杂乱无章的心绪,让她在等红灯的时候,愤愤地摁响了方向盘。
即使前面的人骂她,她也只是把车窗摇下来,探出头去对骂。仿佛只有这样才能稳住那份翻涌的心情。
回到小区,她并没有第一时间回自己的家,而是径直推开了夏挽昼的门。
听到响声,元宝率先从沙发上跳下来,但它也没有平时那么好动了,只跟了两步便停住。
夏挽昼坐在沙发上,抱着膝盖,眼神和前几天一样空洞。林诺诺又看了看她身后——那放在桌上的饭,一口没动。
“你又不吃饭。”林诺诺把手插在腰上,像姐姐一样教训起了妹妹。
“我只是忘了。”夏挽昼转身想去端那碗凉掉的饭,被林诺诺一把拉住手腕。
“算了,凉了就別吃了。”她顿了一下,“我刚才……见到她了。”
没有说名字,但夏挽昼知道是谁。那双空洞了好几天的眼睛里终于有了一丝血色,她回过头,有些激动地问:“她说什么了?她还好吗?”
“你们两个,怎么都问这种问题啊。”林诺诺别过脸去。让她怎么回答?回答“她太好了,快结婚了”?还是回答“她太想你了,但一点都不好”?这几句话被压在心底,没有说出口。
她只是把那份紫色的请帖递了过去。夏挽昼接过来,没有注意上面写了什么,注意到的是扉页上那一小片洇开的暗红。
她有些担心地拉过林诺诺的手,把她的手掌摊开——可上面光滑的皮肤什么伤口也没有。
“这是……”
“没错。是那个傻子自己攥出来的。”林诺诺把手抽回来,声音压得很平,“请帖的边角那么利,她一直攥在手里,指甲把掌心划破了也不知道,还在往手心里按。大概是想用疼逼自己别说错话吧。”
夏挽昼低下头,手指轻轻擦过那片血迹。已经干了,在请帖上洇成一小片不规则的形状。她忽然转身就往门口冲,力气大得可怕,林诺诺拉都拉不住。
“行了!”林诺诺一把将她拽回来,两个人在玄关处僵持着,“你去了有什么用?她被保镖守着,门口都进不去。你连她面都见不到。”
“那我也要去。
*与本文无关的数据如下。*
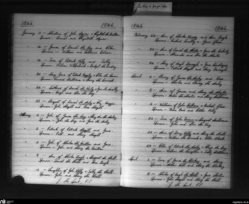 Glenarm; County of Antrim; Diocese of Down and Connor. Baptisms, Jan. 1846 to Apr. 1846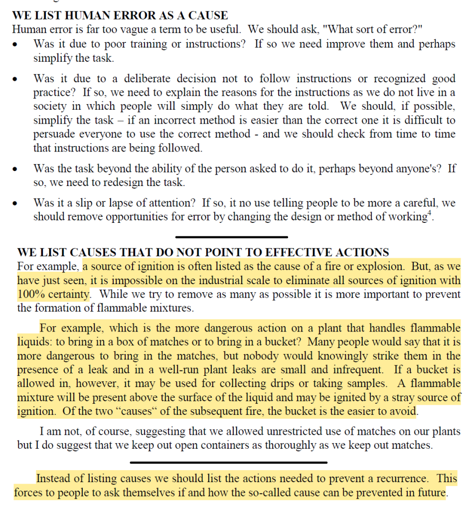 - “Even when we find more than one cause, we often find only immediate causes. We should look beyond them for ways of avoiding the hazards, such as inherently safer design, and for weaknesses in the management system”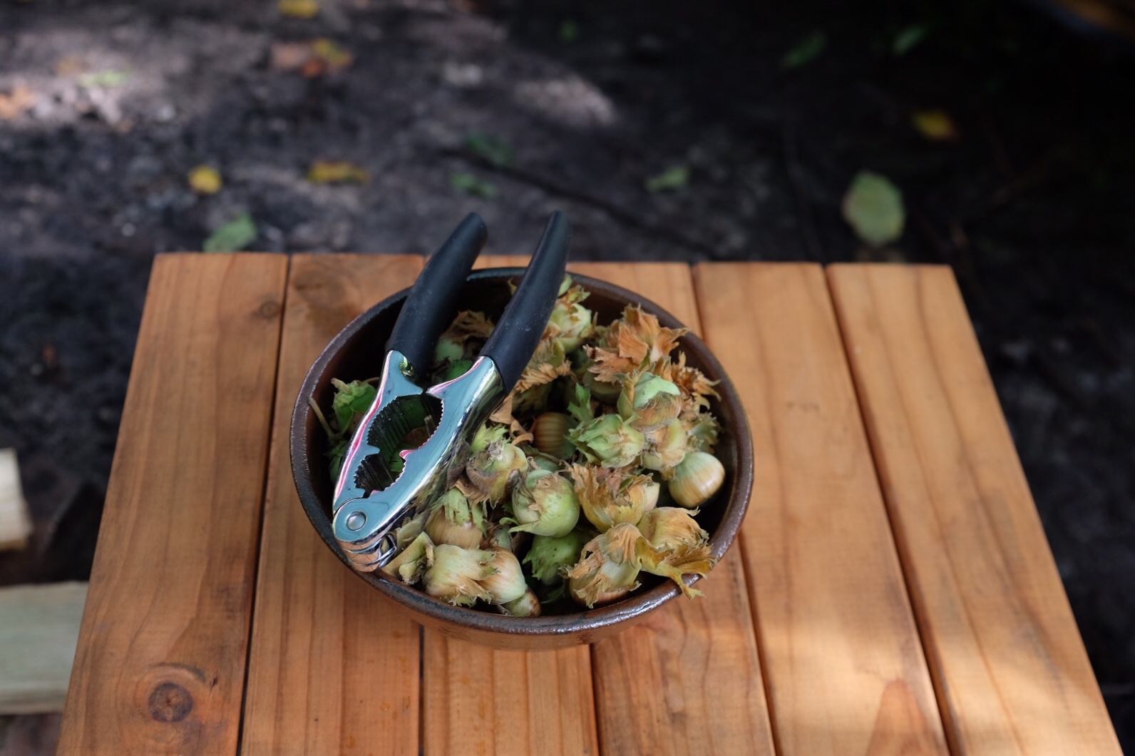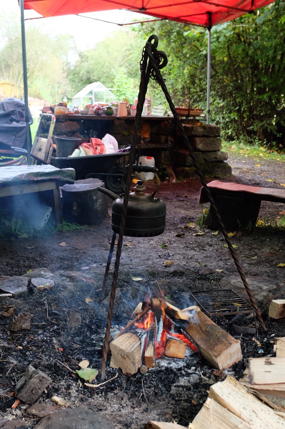 She had lit a fire under a canopy, with logs and benches around, and a kettle hanging on a tripod to boil. She offered various teas from local herbs and flowers, as well as freshly picked russet apples and hazelnuts. I invoked the first line of the meal chant (“We reflect on the effort that brought us this food, and consider how it comes to us”) – apart from the blackberries I picked from the fields in Cornwall, I have not eaten anything so close to where it grew for a long time; Miranda also invoked the people who had planted the trees and hedges whose fruits we were enjoying. I reflected to the group how intimate we were with the elements, in ways that is deeply nourishing – even with cold wet feet; about the traditional zen connection to nature; and about the way man-made structures like the canal and the stone walls had become a part of nature for us.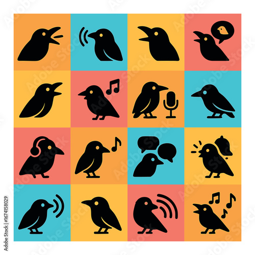 Silhouette bird icon set featuring communication, music, singing, and social interaction symbols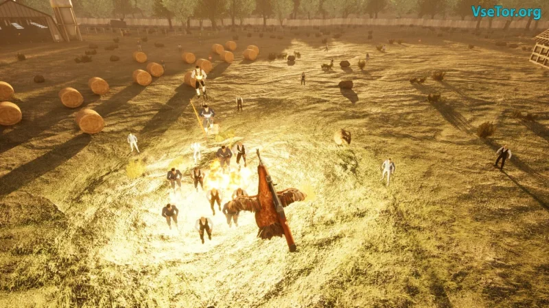 - Яркий и динамичный геймплей с управлением курицей с уникальным вооружением;

”
“你去干什么?去看着她结婚吗?”
夏挽昼被这句话钉在原地。林诺诺没有松手,声音终于放轻了些。
“行了,你先在这坐着,我买了些菜。”
林诺诺把夏挽舟强行摁回沙发上,力道不大,却不容拒绝。夏挽昼没反抗,却像极了个被抽空了所有力气的人偶,任她摆布。
林诺诺没再说什么,转身走进厨房。灶台上的火还没点,她就站在那里,手撑着台面,低着头。窗外天光一寸一寸沉下去,她才从那些杂乱的思绪里回过神来。等她把饭菜端出来时,夏挽舟已经在沙发上睡着了,眉头皱着,睡梦里也并不安稳。林诺诺没叫醒她,只是把碗筷轻轻搁在桌上,把毯子往上拉了拉。
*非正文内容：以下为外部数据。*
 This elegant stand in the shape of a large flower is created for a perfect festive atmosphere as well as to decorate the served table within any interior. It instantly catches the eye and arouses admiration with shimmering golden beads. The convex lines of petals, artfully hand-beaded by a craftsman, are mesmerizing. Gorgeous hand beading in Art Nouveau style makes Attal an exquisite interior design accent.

手上那道被请帖划破的口子已经包扎好了。母亲问起时,她只说是自己不小心划伤的。
语气很轻,表情很稳,和过去每一次撒谎时一模一样。李立恒仍坐在她身边,坐姿端正,依旧是那副无懈可击的体面,见她受伤,关切地问了几句,语气温和得像在哄一只受了惊的雀。
但陈初一已经看过那张请帖了。那不是邀请,那是对她下的战书。
他想要的绝对不是一场婚姻,或许比她想的还要深。正在细想,母亲轻咳了一声。
她回过神来,李立恒已经夹了一块肉递进她碗里。她转过头,对上那副和蔼的、干净的眼神,什么也读不出来。
保镖守在门口,她轻轻把肉夹进嘴里,嚼了。很香吧,但她尝不出任何味道。一整天下来,她没多说一句话。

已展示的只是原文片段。